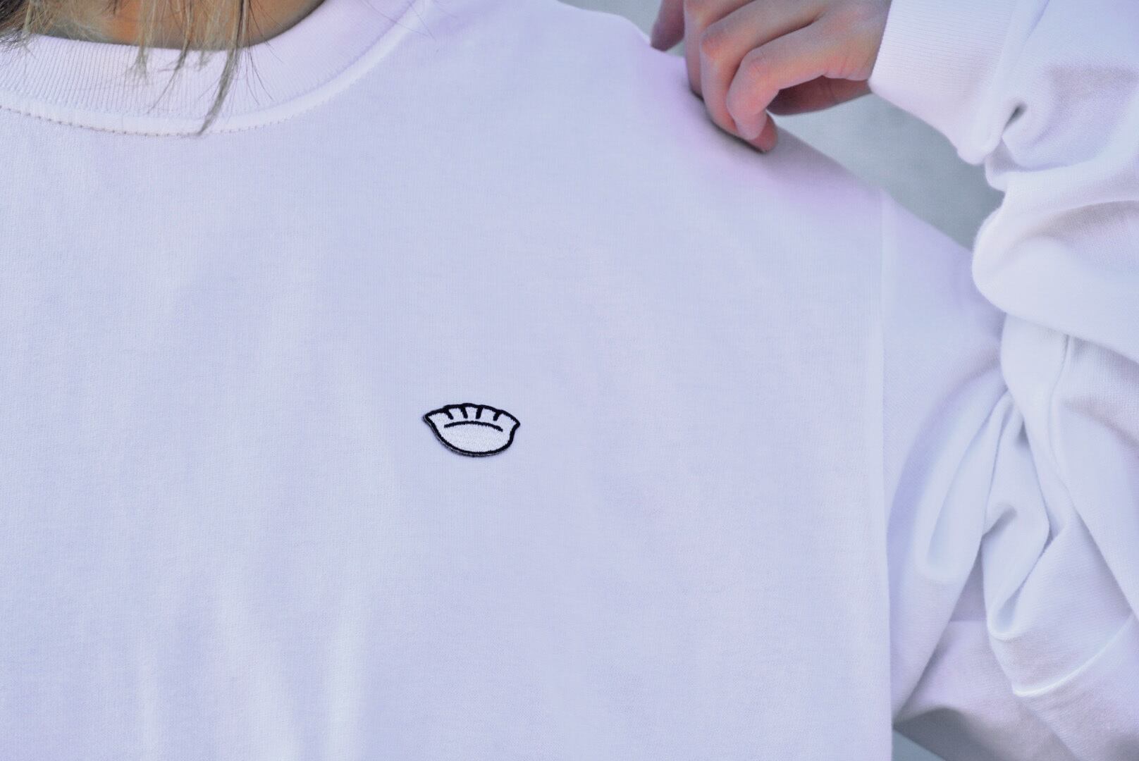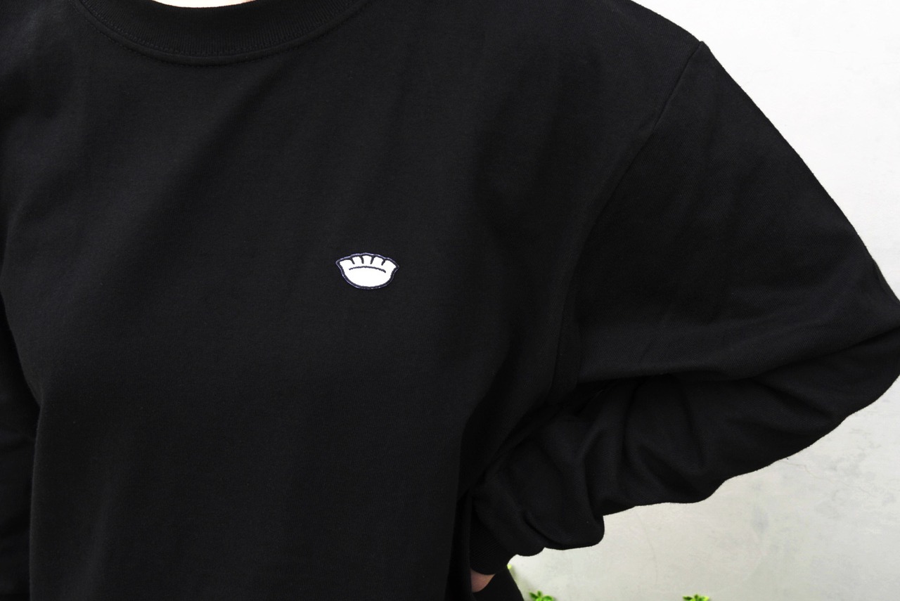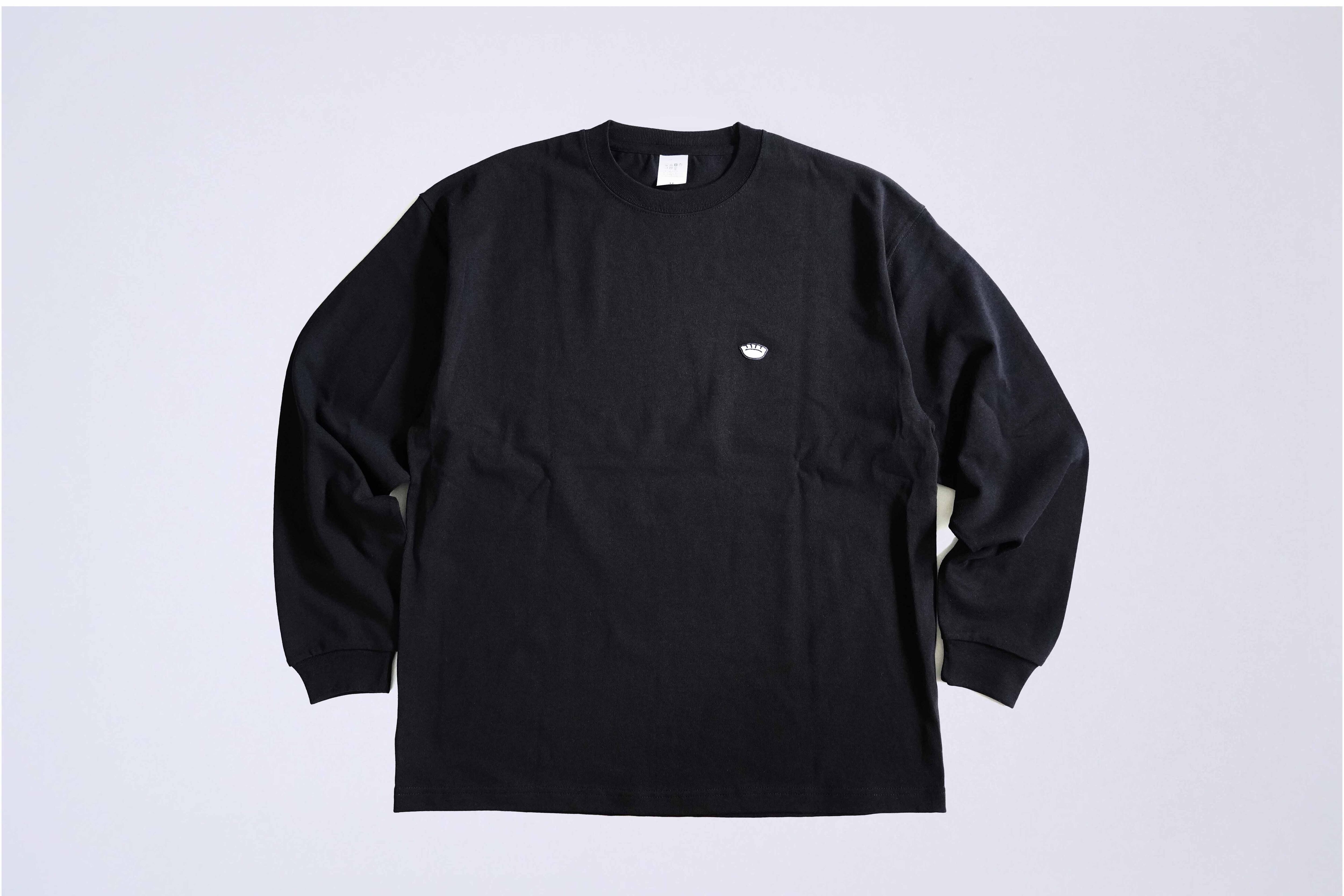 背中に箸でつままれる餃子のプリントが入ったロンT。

...

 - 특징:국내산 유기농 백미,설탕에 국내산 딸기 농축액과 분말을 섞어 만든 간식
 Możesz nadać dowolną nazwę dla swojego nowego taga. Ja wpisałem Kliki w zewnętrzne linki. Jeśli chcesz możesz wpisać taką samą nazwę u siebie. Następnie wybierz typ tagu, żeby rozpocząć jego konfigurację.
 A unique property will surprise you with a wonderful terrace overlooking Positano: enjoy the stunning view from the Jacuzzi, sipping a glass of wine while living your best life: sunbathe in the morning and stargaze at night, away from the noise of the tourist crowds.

▶ _AIM OF THE EXERCISE_:
Could you transcribe the entries above word for word, from the line with "- 특징:국내산 유기농 백미,설탕에 국내산 딸기 농축액과 분말을 섞어 만든 간식" down to the line with "A unique property", keeping both?

▶ _ANSWER SECTION_:
 - 특징:국내산 유기농 백미,설탕에 국내산 딸기 농축액과 분말을 섞어 만든 간식
 Możesz nadać dowolną nazwę dla swojego nowego taga. Ja wpisałem Kliki w zewnętrzne linki. Jeśli chcesz możesz wpisać taką samą nazwę u siebie. Następnie wybierz typ tagu, żeby rozpocząć jego konfigurację.
 A unique property will surprise you with a wonderful terrace overlooking Positano: enjoy the stunning view from the Jacuzzi, sipping a glass of wine while living your best life: sunbathe in the morning and stargaze at night, away from the noise of the tourist crowds.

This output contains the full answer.